> **Exercise requirements**:
Leave out the pictures and retype, exactly, the lines below from the line with "Beredar sebuah informasi" up to and including the line with "MBC <2016 리우", nothing more.
===== Source information
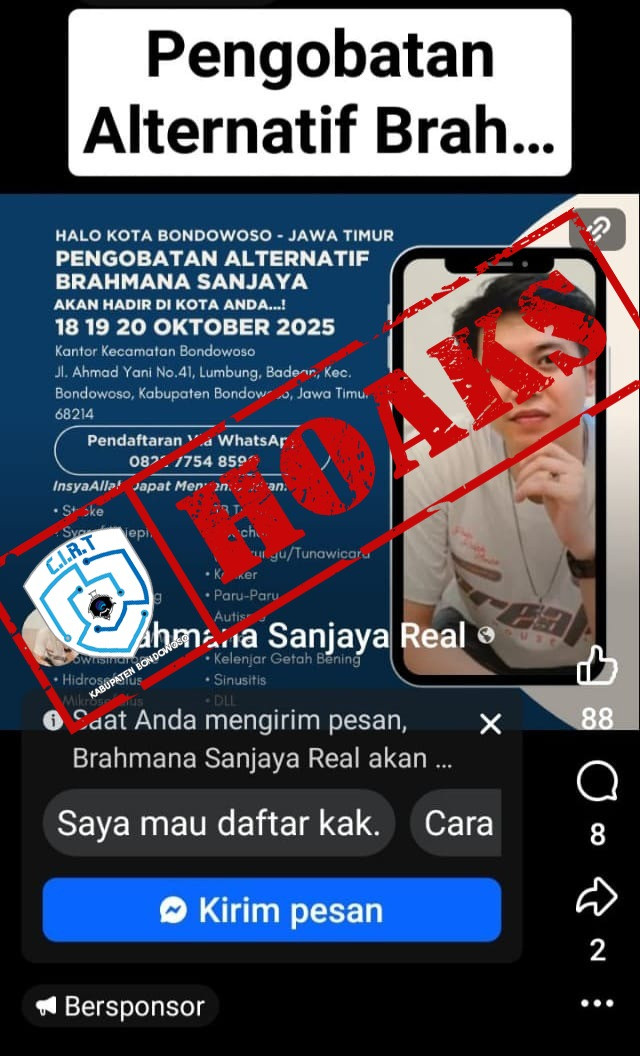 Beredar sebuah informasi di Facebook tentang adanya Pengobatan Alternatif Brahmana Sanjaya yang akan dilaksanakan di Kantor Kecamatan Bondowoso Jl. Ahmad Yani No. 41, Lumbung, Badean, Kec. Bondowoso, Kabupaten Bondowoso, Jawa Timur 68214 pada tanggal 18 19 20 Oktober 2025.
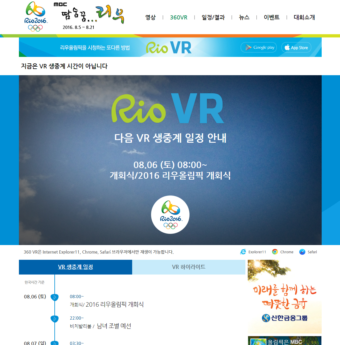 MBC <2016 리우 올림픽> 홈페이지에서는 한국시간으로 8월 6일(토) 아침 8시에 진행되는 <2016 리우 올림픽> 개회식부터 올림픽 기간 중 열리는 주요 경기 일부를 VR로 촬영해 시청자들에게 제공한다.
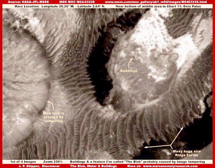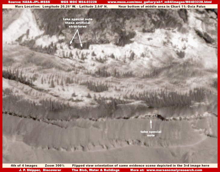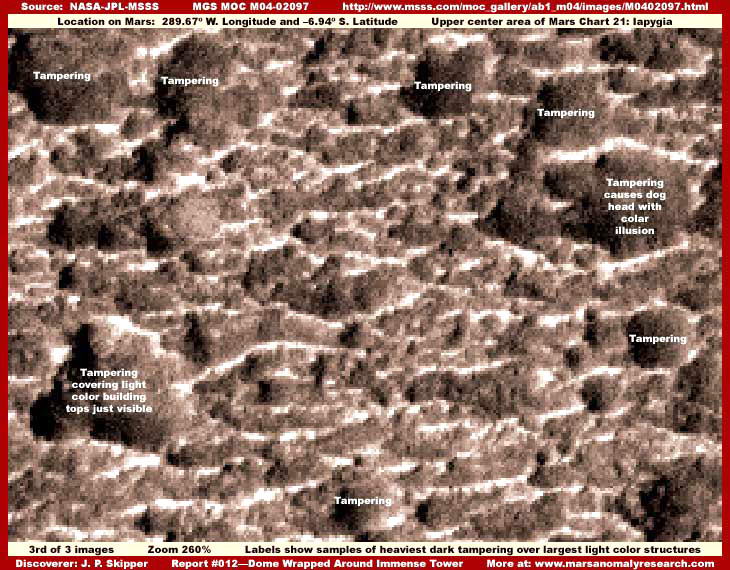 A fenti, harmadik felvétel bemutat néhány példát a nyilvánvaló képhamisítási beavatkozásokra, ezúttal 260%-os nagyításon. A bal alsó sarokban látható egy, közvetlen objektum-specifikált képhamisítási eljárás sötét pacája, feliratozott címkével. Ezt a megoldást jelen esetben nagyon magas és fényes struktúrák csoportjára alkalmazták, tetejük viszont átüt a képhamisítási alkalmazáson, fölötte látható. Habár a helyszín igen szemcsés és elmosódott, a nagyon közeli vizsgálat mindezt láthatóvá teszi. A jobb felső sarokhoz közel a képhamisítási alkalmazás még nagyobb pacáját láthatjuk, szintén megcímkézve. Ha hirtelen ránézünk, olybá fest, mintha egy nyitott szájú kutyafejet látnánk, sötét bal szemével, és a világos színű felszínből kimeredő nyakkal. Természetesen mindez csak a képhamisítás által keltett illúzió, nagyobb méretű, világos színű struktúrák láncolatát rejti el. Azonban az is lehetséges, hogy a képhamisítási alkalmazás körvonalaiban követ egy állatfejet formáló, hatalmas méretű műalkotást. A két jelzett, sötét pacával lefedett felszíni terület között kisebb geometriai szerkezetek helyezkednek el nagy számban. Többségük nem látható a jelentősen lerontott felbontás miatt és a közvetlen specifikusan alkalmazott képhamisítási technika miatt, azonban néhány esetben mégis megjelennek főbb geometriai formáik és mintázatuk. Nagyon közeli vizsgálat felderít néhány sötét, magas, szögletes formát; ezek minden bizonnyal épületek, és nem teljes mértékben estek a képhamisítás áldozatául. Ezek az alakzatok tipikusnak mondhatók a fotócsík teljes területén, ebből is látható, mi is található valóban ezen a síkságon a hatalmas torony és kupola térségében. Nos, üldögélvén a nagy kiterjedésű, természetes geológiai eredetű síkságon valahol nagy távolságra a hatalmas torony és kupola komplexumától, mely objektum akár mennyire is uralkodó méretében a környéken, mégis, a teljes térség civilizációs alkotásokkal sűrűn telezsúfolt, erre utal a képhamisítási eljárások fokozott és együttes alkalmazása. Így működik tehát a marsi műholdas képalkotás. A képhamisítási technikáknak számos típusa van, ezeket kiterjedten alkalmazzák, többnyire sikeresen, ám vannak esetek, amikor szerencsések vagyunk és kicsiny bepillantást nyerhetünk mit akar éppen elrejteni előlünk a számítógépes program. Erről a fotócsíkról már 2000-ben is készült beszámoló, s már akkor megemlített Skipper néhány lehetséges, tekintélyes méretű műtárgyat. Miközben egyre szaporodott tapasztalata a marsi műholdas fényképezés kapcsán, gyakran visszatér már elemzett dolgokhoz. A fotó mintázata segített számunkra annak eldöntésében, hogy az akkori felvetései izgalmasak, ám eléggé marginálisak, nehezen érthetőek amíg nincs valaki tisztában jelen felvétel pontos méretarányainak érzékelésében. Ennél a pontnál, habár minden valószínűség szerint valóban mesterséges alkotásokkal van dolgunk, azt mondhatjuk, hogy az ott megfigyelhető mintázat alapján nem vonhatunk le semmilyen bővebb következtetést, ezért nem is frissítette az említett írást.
==========
===== Source information
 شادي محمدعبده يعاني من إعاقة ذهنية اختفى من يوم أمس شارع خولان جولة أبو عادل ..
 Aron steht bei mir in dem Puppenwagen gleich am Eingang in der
==========
> **Answer to the exercise**:
 Beredar sebuah informasi di Facebook tentang adanya Pengobatan Alternatif Brahmana Sanjaya yang akan dilaksanakan di Kantor Kecamatan Bondowoso Jl. Ahmad Yani No. 41, Lumbung, Badean, Kec. Bondowoso, Kabupaten Bondowoso, Jawa Timur 68214 pada tanggal 18 19 20 Oktober 2025.
 MBC <2016 리우 올림픽> 홈페이지에서는 한국시간으로 8월 6일(토) 아침 8시에 진행되는 <2016 리우 올림픽> 개회식부터 올림픽 기간 중 열리는 주요 경기 일부를 VR로 촬영해 시청자들에게 제공한다.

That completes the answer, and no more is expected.